# building a scissor mechanism ....help!



## undead41

#1 1 Minute Ago 
undead41 
Uneasy Join Date: Nov 2006
Location: Upstate NY
Age: 46
Posts: 58 
Likes: 0

--------------------------------------------------------------------------------

I need to build a good, heavy duty scissor extender that will get me 6-8' of horizontal reach...i know alot of people build them but does anybody have a basic schematic or measurements for such a mechanism? I have access to full machine shop so any help would be GREATLY appreciated!! Thnks guys,

John


----------



## HalloweenRick

http://halloweenpropmaster.com/sissor_prop.htm
Now admittedly-its a video not a how-to, but you'll get the idea. To get a REALLY good pneumatic introduction, pickup DC Prop Book #1 from TheFrighteners.com-it does not include a scissor mech, but gives enough detail that you can work your way through it. I think Terror Syndicate makes a book about strictly pneumatics as well.


----------



## HalloweenRick

Here is another good link:
http://www.halloweenfear.com/ScissorProp.html


----------



## Shier Terror

You could also check Goodwill or Craigs list to see if someone has a canopy for sale.

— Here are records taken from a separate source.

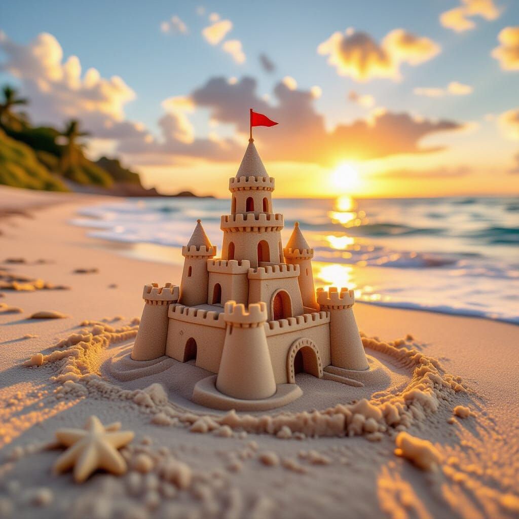 This image depicts a detailed, photo-realistic sandcastle on a beach during a vibrant sunset. It features a magical, cheerful atmosphere with soft lighting and playful elements, rendered in an impressionistic, dreamy style.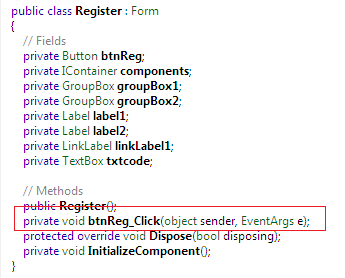 Up 'til now, we successfully extracted the functioning of registered and unregistered users. Furthermore, we can determine that the Register class is responsible for License code manipulation where the btnReg_Click() method event is the key hack to execute such implementation as follows: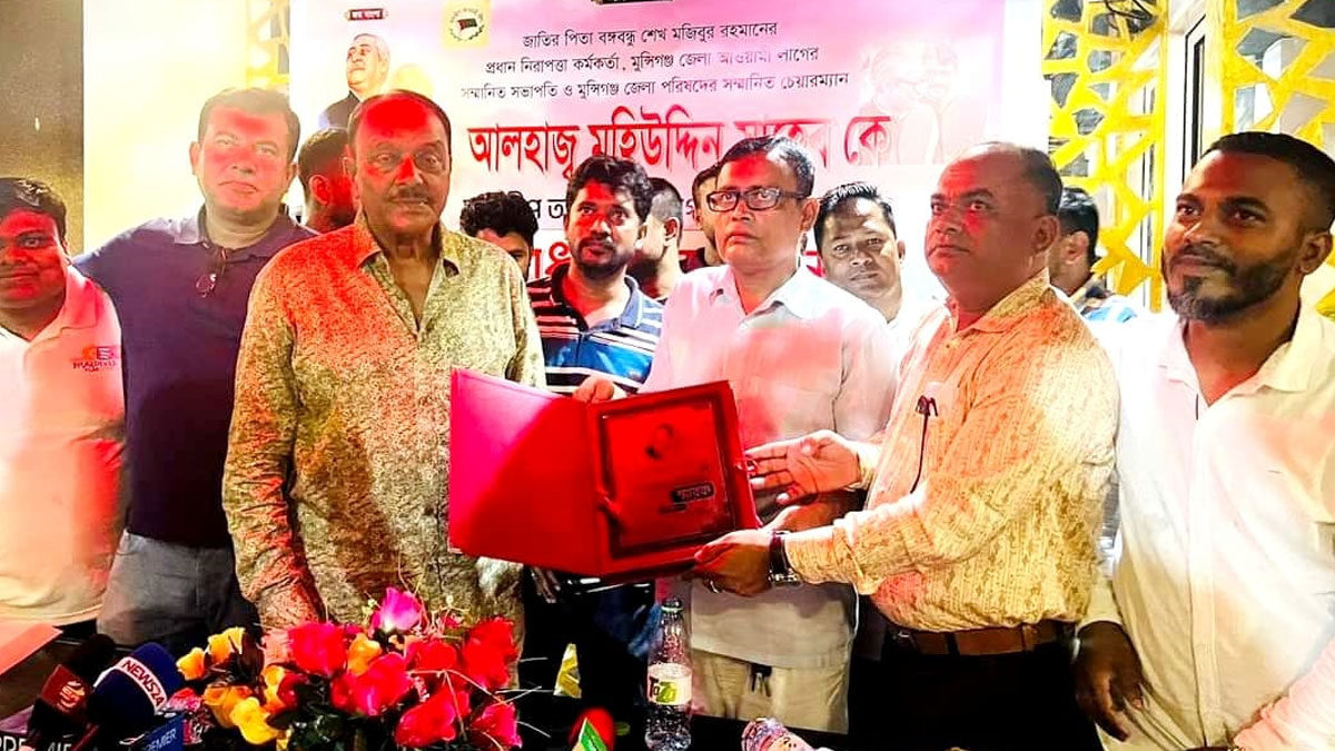 মালদ্বীপে সংবর্ধিত হলেন বঙ্গবন্ধুর চিফ সিকিউরিটি অফিসার ও মুন্সিগঞ্জ জেলা আওয়ামী লীগের সভাপতি ও মুন্সীগঞ্জ জেলা পরিষদের চেয়ারম্যান বীর মুক্তিযোদ্ধা আলহাজ্ব মহিউদ্দিন।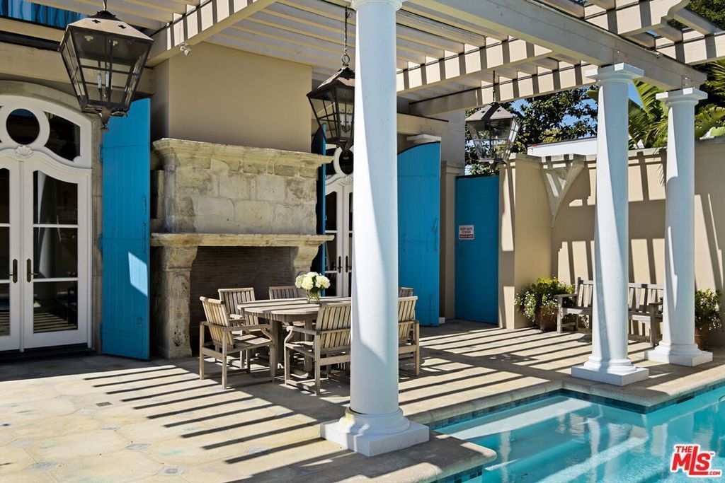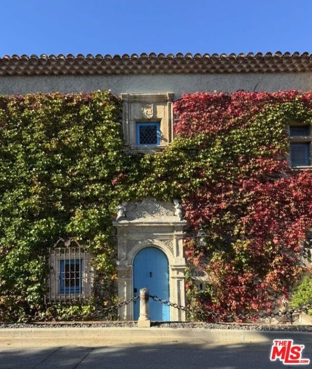 Step into the romance of the French countryside right in the heart of the Hollywood Hills. This fully furnished French Renaissance inspired chateau, perched high above Mulholland Drive, offers sweeping city, canyon, and ocean views that define California luxury. Cloaked in ivy, the residence's facade evokes centuries of history, adorned with authentic 15th-century hand-carved stone angels and gargoyles imported from France. Beyond the grand entrance, time seems to stand still. Inside, exquisite craftsmanship and timeless elegance abound. A stately 16th-century marble staircase ascends to the upper level, where three sumptuous bedrooms await. The grand primary suite serves as a true sanctuary, complete with an en-suite salon featuring a painted and gilded boiserie masterpiece. A fourth guest suite, with a private entrance, lies downstairs. Designed for effortless entertaining and refined living, the home seamlessly blends indoor and outdoor spaces. French doors flood the interiors with natural light, while the painted stone walls and graceful architectural details exude old-world charm. Expansive terraces provide inviting spaces for lounging or al fresco dining, all framed by panoramic vistas that stretch from the canyon to the glittering skyline and out to the ocean beyond.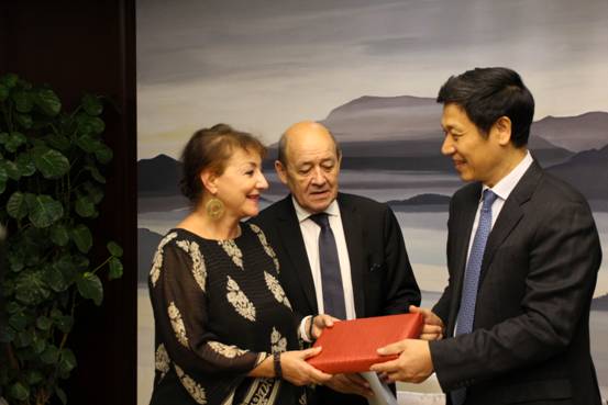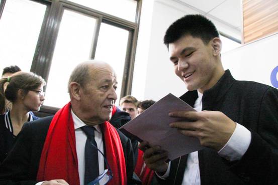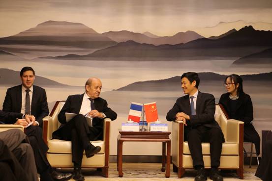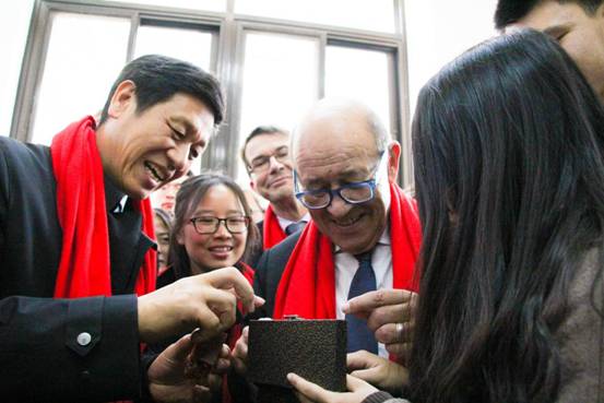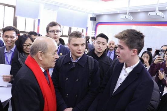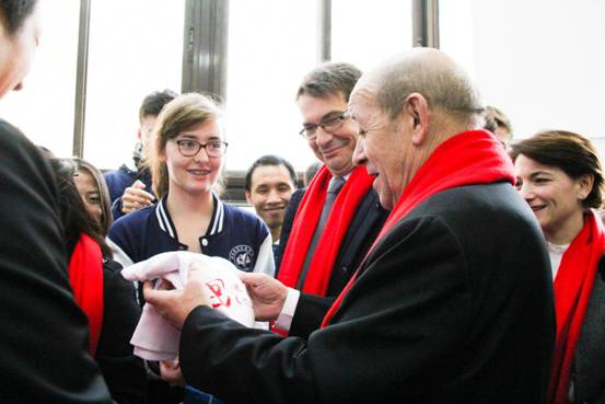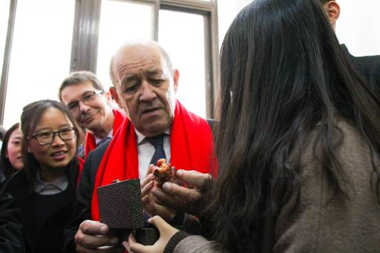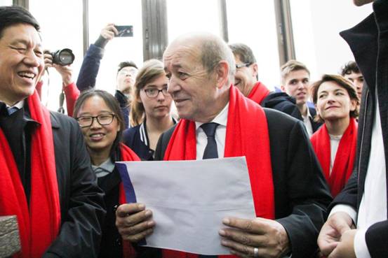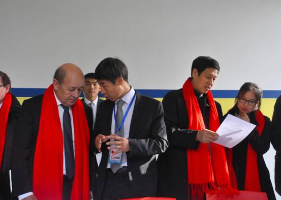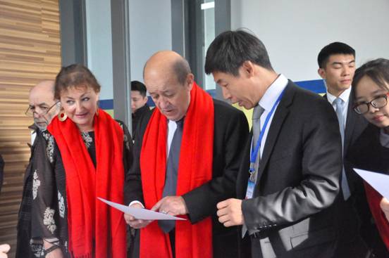 11月25日上午10点40分,法国欧洲和外交部长让-伊夫•勒德里昂携夫人玛丽昂•勒德里昂女士一行二十多人准时出现在了如心会议中心楼下。校长徐惠彬院士、副校长黄海军接待了勒德里昂先生一行。法国驻华大使黎想阁下、法国政府及驻华使馆官员、beat365官网中方院长洪冠新、法方院长福乐吉等随行并出席各项活动。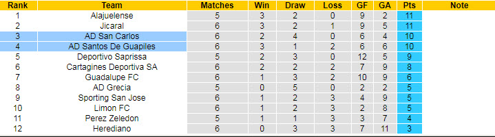 Nhìn qua, Santos Guapiles và San Carlos là cặp đấu cân bằng khi cả hai cùng có được 10 điểm sau 6 lượt trận, qua đó đứng ở các vị trí thứ 4 và 3 trên BXH giải VĐQG Costa Rica (lượt về).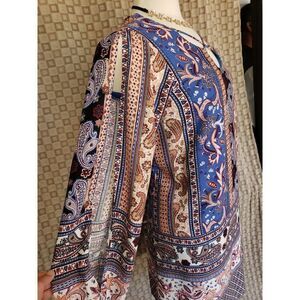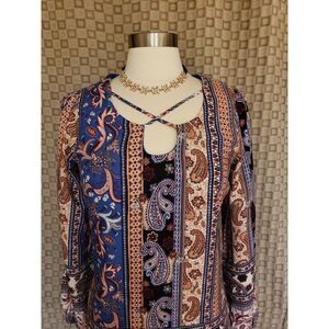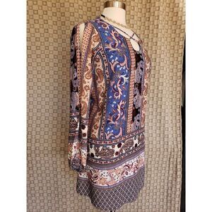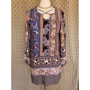 Women's Dress Chic Long Sleeve Vibrant Paisley Tunic Dress Small

I've used some of my old canopies for scissor props.


----------



## Cole&Jacksdad

I just bought the DC props builders handbook volume 2. It has instructions on a scissor extender.


----------



## undead41

i actually have the DC books and forgot there was a tutorial in there...i guess I will follow Brents plan....he haasnt let me down yet. Thanks guys


----------